Similar to BMW with its horizontally opposed twin-cylinder boxer motors, Ducati has built a tradition, now going for more than 40 years, on its 90 degree L-Twin motors and desmodromic valve actuation. Traditions build history, develop a following, and become one and the same with the brand. Although being great marketing tools, tradition can also become a hindrance to development and innovation when the original format imposes physical challenges when the time calls for evolutionary change.

Paul Smart’s 750, winner of the Imola 200 miles race, 1972

But just when you think Ducati and BMW have been cornered by an old format, ingenuity and technology have paired up to leap frog these old motors into innovative machines.  That was the case for BMW when they developed the mixed liquid and air cooled boxer motor for their 1200 line which resulted in a more compact package than the original, despite the introduction of water cooling. And it has been the case on several technological evolutions to Ducati’s L-Twin motors during these last 40-something years.  The introduction of variable timing to its desmodromic valves, what Ducati now calls Desmodromic Variable Timing, or DVT, is probably one of the most outstanding evolutionary upgrades to the L-twin motors.  More than that, it will be a new platform for more innovation for the Ducati motors.

There is no question about the benefits of variable valve timing. Valve timing has been a challenge on the design of internal combustion motors since its invention, where a compromise has always been imposed: you want no overlap on timing for intake and exhaust valves for low speeds or street applications and for better fuel economy, rideability, and emissions, and you want maximum overlap for more horse power on higher RPMs for racing applications. As a result engineers configure motors to operate somewhat in the middle,  getting an overall good performance for road bikes.  But as result the motors get denied of the benefits given by operating on either end of the intake/exhaust valve overlap spectrum.

Ducati’s Superbike 1198 motors which are the basis for the 1200 Multistrada motors are a great example of how manufacturers have been operating under this challenge.  The 1198 Superbike motor operates under a wide 41 degree overlap on intake/exhaust valve operation. The street variation of this same motor, the Testastretta (Testastretta means narrow head in Italian), operates at a narrow 11 degrees of overlap.

1200 cc Ducati Testastretta 11 degrees Motor, Mutistrada 2010-2014

What makes Ducati DVT so exciting

Variable valve timing is nothing new in the motor industry. And it has been in motorcycle applications for several years already, most notably on Honda’s VFR line and its V-TEC motors.  The V-TEC application, however, is in essence two fixed stages of operation. A solenoid in the rocker shaft will activate a different set of rocker arms at a higher and pre-determined RPM level and these different rocker arms are moved by a different set of lobes in the camshaft, with a more aggressive valve operation. That is, V-TEC operates two discrete set of intake/exhaust overlaps.  Kawasaki’s VVT (on Concours 14) actuates in a continuous form, but it operates only the intake cam.

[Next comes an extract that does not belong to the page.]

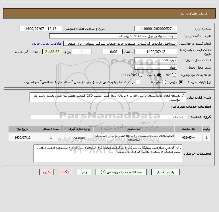شرح کلی نیاز: توسعه ابعاد فونداسیون ترانس قدرت و بریدن دیوار آتش پست 230 کیلولت هفت تپه طبق نقشه وشرایط پیوست. برآورد اولیه : -/1,550,000,000ریال

Ducati’s DVT is a true continuous variable cam which allows for countless variations on degrees of valve overlap. And it is the only one on the motorcycle industry that operates both the intake and exhaust valves. Although it seems like a small upgrade from what has already been available in the motorcycle industry, and it has been available in the auto industry for a while, it solidifies another threshold for the motorcycle industry. And it will certainly be a platform for subsequent innovations on the programming side of equation, as variable timing of intake and exhaust valves opens up an important set of parameters that can be manipulated to improve a motor’s efficiency and performance.

2015 Ducati Multistrada Testastretta DVT Motor

The intake and exhaust camshafts on the Testastretta DVT are allowed to operate at several degrees of variation from the camshaft pulleys’ position, giving a combined variation of 40-50 degrees of operation when let’s say the intake camshaft is advanced to the maximum position and the exhaust is delayed to its maximum position.

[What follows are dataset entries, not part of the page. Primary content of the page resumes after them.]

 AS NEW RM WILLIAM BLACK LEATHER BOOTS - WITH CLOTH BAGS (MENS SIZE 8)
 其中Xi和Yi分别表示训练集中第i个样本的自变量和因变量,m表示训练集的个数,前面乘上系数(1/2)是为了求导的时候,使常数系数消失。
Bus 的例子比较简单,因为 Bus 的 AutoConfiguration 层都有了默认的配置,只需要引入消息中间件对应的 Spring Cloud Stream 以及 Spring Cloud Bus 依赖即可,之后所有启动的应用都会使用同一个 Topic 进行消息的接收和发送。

Ducati’s Desmodromic Variable Timing (DVT) Actuator

One of the ingenious elements of this design (although not unique to Ducati, as it has been used in the auto industry) is that this actuator is located inside the camshaft pulleys. The actuator is a very small part, by the way, probably 40mm in diameter since it fits inside the pulleys.

Cam shaft pulleys, with actuator inside (check the three bolts and the 12 marks on top).

The outside portion of the actuator moves together with the pulley where it is attached by those three bolts clearly seen on the two above photos. According to Ducati, the inside portion of the actuator is moved by a hydraulic system, which is triggered by a set of electronic sensors that compares the cam shaft position with that of the driveshaft to determine the ideal timing according to specific running conditions. Seems brilliant and simple in concept.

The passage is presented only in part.